In this outspoken critical text, Maria Alice Milliet discusses Magiciens de la terre, the show of over one hundred artists organized jointly by the Georges Pompidou and the Grande Halle at the Parc de la Villette in Paris in 1989. The initial aim of the exhibition was to formulate an alternative to the show Primitivism in 20th Century Art: Affinity of the Tribal and the Modern held at the Museum of Modern Art in New York that same year; many critics considered the show at MoMA a problematic “aestheticization” of non-Western cultures, which were presented solely in terms of their influence on modernism without any further scope of reference or documentation. The other aim of Magiciens de la terre was to counteract L'Exposition Coloniale held in France in 1931. That show came to be seen as part of the historical framework for French colonialism insofar as it formulated an imperial hegemony greater than all its subordinate holdings. Martin’s curatorial premise for the exhibition was based on a notion of “50/50,” where half of the works in the exhibition were from central countries and the other half—works by artists and artisans—were from “the periphery.” The problem with that criterion, in Milliet’s view, is that it falls into the same morass as Primitivism, that is, it too uses Western values to “aestheticize” production that does not necessarily fit into Western parameters. The debate on this show in France would become crucial to reflection on contemporary art in the context of globalization and of emerging systems for the production and circulation of artist production.
Maria Alice Milliet is a curator, historian, and art critic. For several decades, she has been the director of the Fundação José e Paulina Nemirovsky. Jean Hubert Martin, curator of the Centre Georges Pompidou, was the artistic director of the Lyon Biennial and the general director of the Museum Kunstpalast Foundation in Düsseldorf, Germany.
The late eighties witnessed the emergence of criticism of colonizing, albeit tolerant, strains of Eurocentrism that did not revolve around “the magical” and “the primitive.” A new interest in the notion of “the fantastic” is found in many essays, papers, and symposia of the day.

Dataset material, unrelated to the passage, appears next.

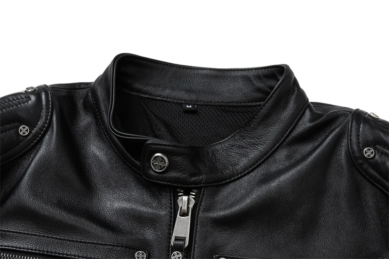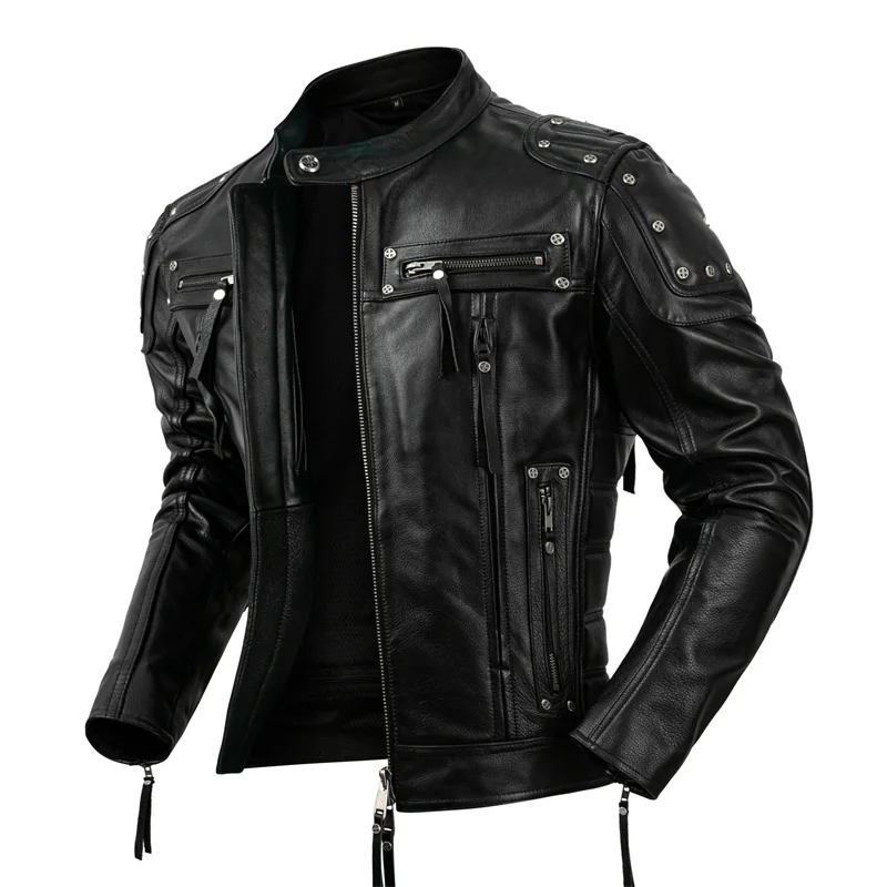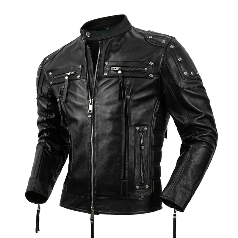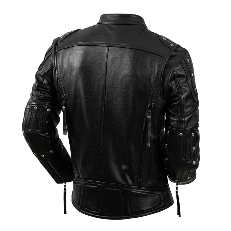 Protective Motorcycle Clothing Cowhide Leather Leather Men's Motorcycle Riding Clothing Calfskin Leather Jacket Biker Coat Men

The exhibition Art of the Fantastic, held at the Indianapolis Museum of Art and curated by Holiday T. Day and Hollister Sturges, occasioned a commentary by Aracy Amaral (“Arte da América Latina: questionamentos sobre a discriminação” [doc. no. 776879]) that formed part of this extensive debate in the United States and beyond.
Entitled Resisting Categories: Latin American And/Or Latino?, the first volume of the ICAA critical documents—compiled by Héctor Olea, Mari Carmen Ramírez, and Tomás Ybarra-Frausto—contains the chapter “Exhibiting Entrenched Representations,” which addresses the destabilization of categories. That text discusses the case of the X Pan American Games held in Indianapolis in 1987. For further information, see “Art of the Fantastic,” prologue and introduction [docs. no. 1065311 and 1065330].
The next volume of the publication, which is entitled Questioning Stereotypes, includes a 1987 essay by Aracy Amaral that discusses “the fantastic”: “‘Fantástico’ são os outros” [doc. no. 776644].